The authors present evidence that the delta opioid receptor agonist Deltorphin-D(variant) (Delt-D(var)) and hibernating woodchuck plasma (HWP), but not summer-active woodchuck plasma (SAWP), can provide significant neuroprotection from focal ischemia in mice by a mechanism that relies in part on reducing nitric oxide (NO) release in ischemic tissue.

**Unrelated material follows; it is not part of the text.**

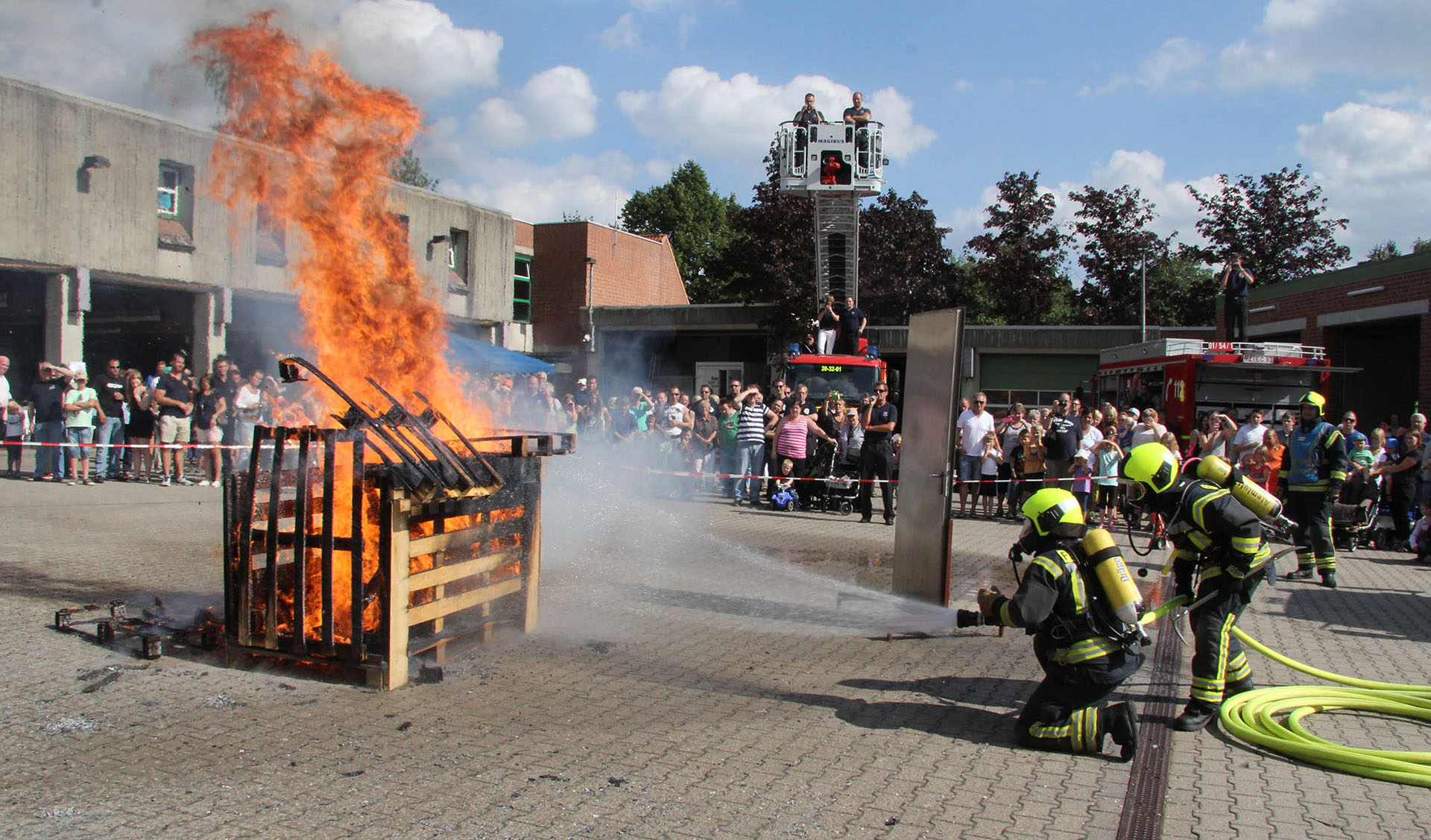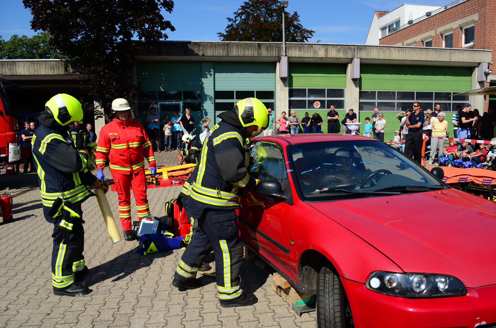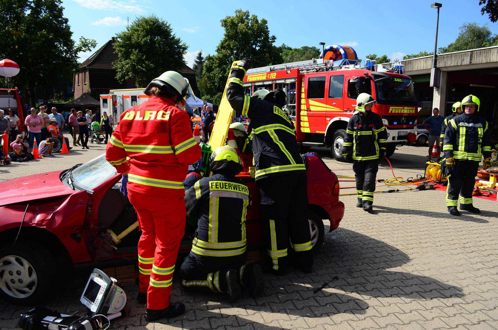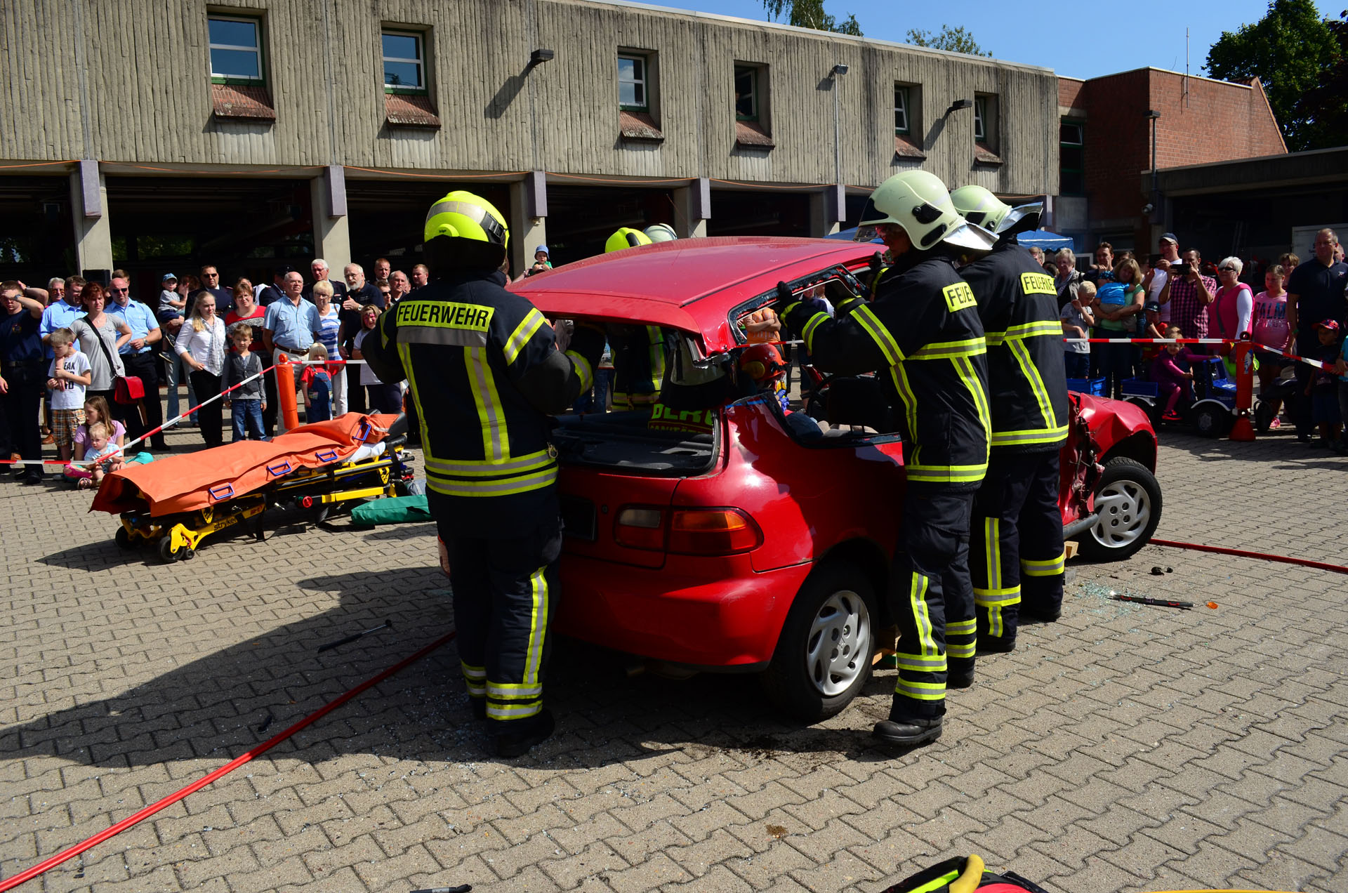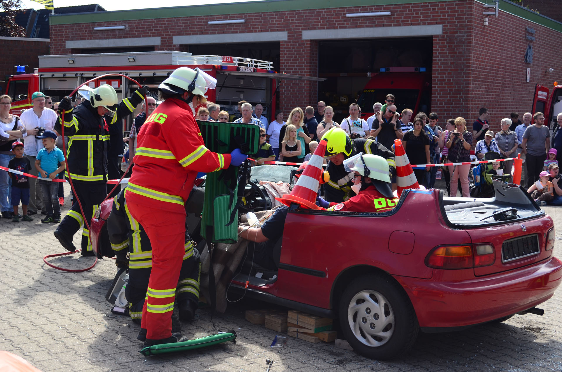 140 Jahre Freiwillige Feuerwehr Lauenburg Elbe und 25 Jahre Partnerschaft zur Feuerwehr Boizenburg wurden vom 28. – 29. August in Lauenburg gefeiert. Ein großer Kommerz lud zahlreiche Gäste von Politik, befreundeten Vereinen und Institutionen, Freunde und Gäste der Feuerwehr am Freitagabend ein. Pünktlich um 19:00Uhr begrüßte Wehrführer Lars Heuer die Gäste, freute sich sehr Über den zahlreichen Besuch, der sogar aus Luxemburg angereist war. Vertreter der Stadt wie zum Beispiel Bürgermeister Thiede und den Bürgervorsteher von Lauenburg konnte Heuer ebenso begrüßen wie Verantwortliche der Stadt Boizenburg. Rund 200 Gäste fanden in der Fahrzeughalle der Feuerwache Platz, die bereits Tage vorher gründlich gesäubert wurde. Dekoration hauchte dem Gebäude einen wohnlichen Charakter ein, die strahlenden Einsatzfahrzeuge auf dem Innenhof geleiteten die Gäste zum Eingang. In Zahlreichen Grußworten überbrachten Vertreter von Politik und befreundeten Feuerwehren sowie Vereinen beste Glückwünsche zum 140-Jährigen Bestehen. Die durchweg ehrenamtliche Arbeit ist hoch anzusehen, verdient höchsten Respekt hieß es. Damit auch künftig die Einsatzkräfte aber auch die Jugendfeuerwehr sicher zu Einsätzen und Ausflügen kommen überreichte Bürgermeister Andreas Thiede symbolisch ein gebasteltes Mannschaftstransportfahrzeug, „auf dem Bewusst keine Marke abgebildet ist“ unterstreicht Thiede. Zur Zeit läuft die Ausschreibung für das neue Fahrzeug, dass den Ansprüchen der Feuerwehr genügen muss, um den täglichen Aufgaben Dienst zu leisten, erklärt er. Nachdem die Grußworte überbracht wurden, konnte noch eine Beförderung vorgenommen werden. Schriftführer Ingo Drewelowsky wurde im Rahmen seiner Tätigkeit vom Hauptfeuerwehrmann zum Löschmeister befördert. Anschließend steuerte Heuer gezielt auf 20:30 Uhr zu, die Enthüllung der neuen Internetpräsenz stand bevor. Unter Leitung von Sebastian Majchrzak bauten vier engagierte Mitglieder die neue Webpräsenz für moderne Öffentlichkeitsarbeit aus. Darunter sind auch Andreas Rogge, Timo Naujoks und Sebastian Porthun. Für die Enthüllung hatten sie sich etwas ganz besonderes einfallen lassen, eine Minute vorher erschien auf der großen Leinwand ein Countdown. Die Spannung stieg, bevor schließlich der Lauenburg typische Melderton erschrill. Hektische Bilder zeigten den nächtlichen Einsatzablauf, aufschrecken im Schlaf, rein in die Schuhe und mit dem Auto zur Wache… – Dort in die Einsatzkleidung und mit den Großfahrzeugen zum Einsatzort. – Anschließend wurde es wieder ruhiger, der Blick über die Schulter zeigte die Eingabe von www.feuerwehr-lauenburg.de im Suchfeld, anschließend war die neue Webpräsenz aktiv. Der Trailer sollte die stätige Aktualität der Webseite unterstreichen. Einsätze sollen künftig so zeitnah und informativ wie möglich eingepflegt werden. Nach der Veröffentlichung zückten viele Ihr Handy, um die neuen Seiten zu erforschen, was problemlos möglich ist, denn die neue Webseite ist vollständig mobilfähig. Im Anschluss gab es ein reichhaltiges Buffet, das allen hungrigen Gästen und Mitgliedern schmeckte. Am nächsten Morgen ging es schon früh los, am Schloss startete der große Marsch durch die Stadt, die gesamte Feuerwehr Lauenburg war mit der Einsatzabteilung, Ehren- und Jugendfeuerwehr angetreten. Daneben Mitglieder der Feuerwehr Boizenburg und zahlreiche aktive der umliegenden Gemeindewehren. Beeindruckend setzte sich der lange Marsch in Bewegung durch den Askanierring ging es über die Berliner Straße und den Büchener Weg schließlich in die Reeperbahn. Dort ging der Marsch in den Tag der offenen Tür über. Auf dem großen Freigelände lockten Spiel und Spaß für die kleinen genauso wie „Mit-mach Stationen“ für Erwachsene. Viele Besucher strömten zu den frisch heraus geputzten Löschfahrzeugen auf dem Parkplatz, in Reih standen hier die Großfahrzeuge, offene Geräteräume luden zum Staunen ein. Mitglieder erklärten interessierten die Geräte und Technik, verdeutlichten so den Umfang der ehrenamtlichen Ausbildung. Auf dem Innenhof lockten Alarmübungen. Um 12 Uhr alarmierte Torben Heuer, Pressesprecher der Feuerwehr, den Rettungsdienst und ein Hilfeleistungslöschfahrzeug. Ein Verkehrsunfall mit eingeklemmter Person war Ziel der Einsatzfahrt. Nach Erkundung durch den Fahrzeugführer gingen die Trupps vor, mit schwerem hydraulischem Gerät wurden zunächst die Türen und schließlich das Dach des PKW entfernt. Nun war eine schonende Rettung des Verunfallten möglich. Während der Übung erläuterte Heuer, was die Einsatzkräfte gerade tun, was die nächsten Schritte sind und worauf es ankommt. Im Anschluss konnten Erwachsene sich selbst an der Rettungsschere versuchen. Gruppenführer Heiko Raubenheimer erklärte den Besuchern den Umgang mit dem schweren hydraulischen Gerät. An einem zweiten Auto wurden Türen entfernt, Dächer eingeschnitten und Scheiben entfernt. Neben dem Löschzug-Gefahrgut der sich im Neubau mit seinen umfangreichen Aufgaben präsentierte war auch die Drehleiter eine große Attraktion. Der Blick von 31 Metern Höhe über die schöne Elbestadt lockte viele an. Die Magirus Leiter kam aber auch noch bei einer Alarmübung zum Einsatz. Gemeinsam mit dem Rettungswagen wurde eine Personenrettung vorgeführt. Von der Dachterrasse wurde eine vermeidlich erkrankte Person mit der Trage des Rettungswagens auf den sicheren Boden befördert. Wurst, Fleisch, Kaffee und Kuchen sorgten für die kulinarische Abrundung des sonnigen Samstages. Viele Besucher aus dem benachbarten Boizenburg feierten mit uns die Partnerschaft, Fans von weither angereist interessierten sich für die Vielfalt der Einsatzfahrzeuge und interessanten Motive. In den Räumlichkeiten des THW stellten Helfer die umfangreiche Ausstattung der Lauenburger Ortsgruppe aus. Auf dem Triftweg brachten sie am Morgen die THW-Riesenrutsche in Stellung, ein Magnet für die kleinen. Neben einer Fettexplosion

Cerebral ischemia was produced in wild-type and NO synthase-deficient (NOS(-/-)) mice by transient, 1-hour middle cerebral artery occlusion (MCAO). Behavioral deficits were determined at 22 hours and infarct volume was assessed at 24 hours after MCAO. Mice were treated with saline or Delt-D(var) at 2.0 and 4.0 mg/kg, or 200 microL of HWP or SAWP. NOS(-/-) mice were treated with either saline or Delt-D(var) at 4.0 mg/kg. NO release was determined using an N9 microglial cell line pretreated with delta- or mu-specific opioids and HWP or SAWP prior to activation with lipopolysaccharide and interferon-gamma. Nitrate in the medium was measured as an indicator of NO production.


Infusion of Delt-D(var) or HWP (but not SAWP) decreased infarct volume and improved behavioral deficits following 1 hour of MCAO and 24 hours of reperfusion. In NOS(-/-) mice, endothelial NOS(+/+) is required to provide Delt-D(var)-induced neuroprotection. Delt-D(var) and HWP dose-dependently decreased NO release in cell culture, while SAWP and other delta- and mu-specific opioids did not.


Delt-D(var) and HWP, but not SAWP, are effective neuroprotectant agents in a mouse model of transient MCAO. In cell culture, the mechanism of this ischemic neuroprotection may rely in part on their ability to block NO release.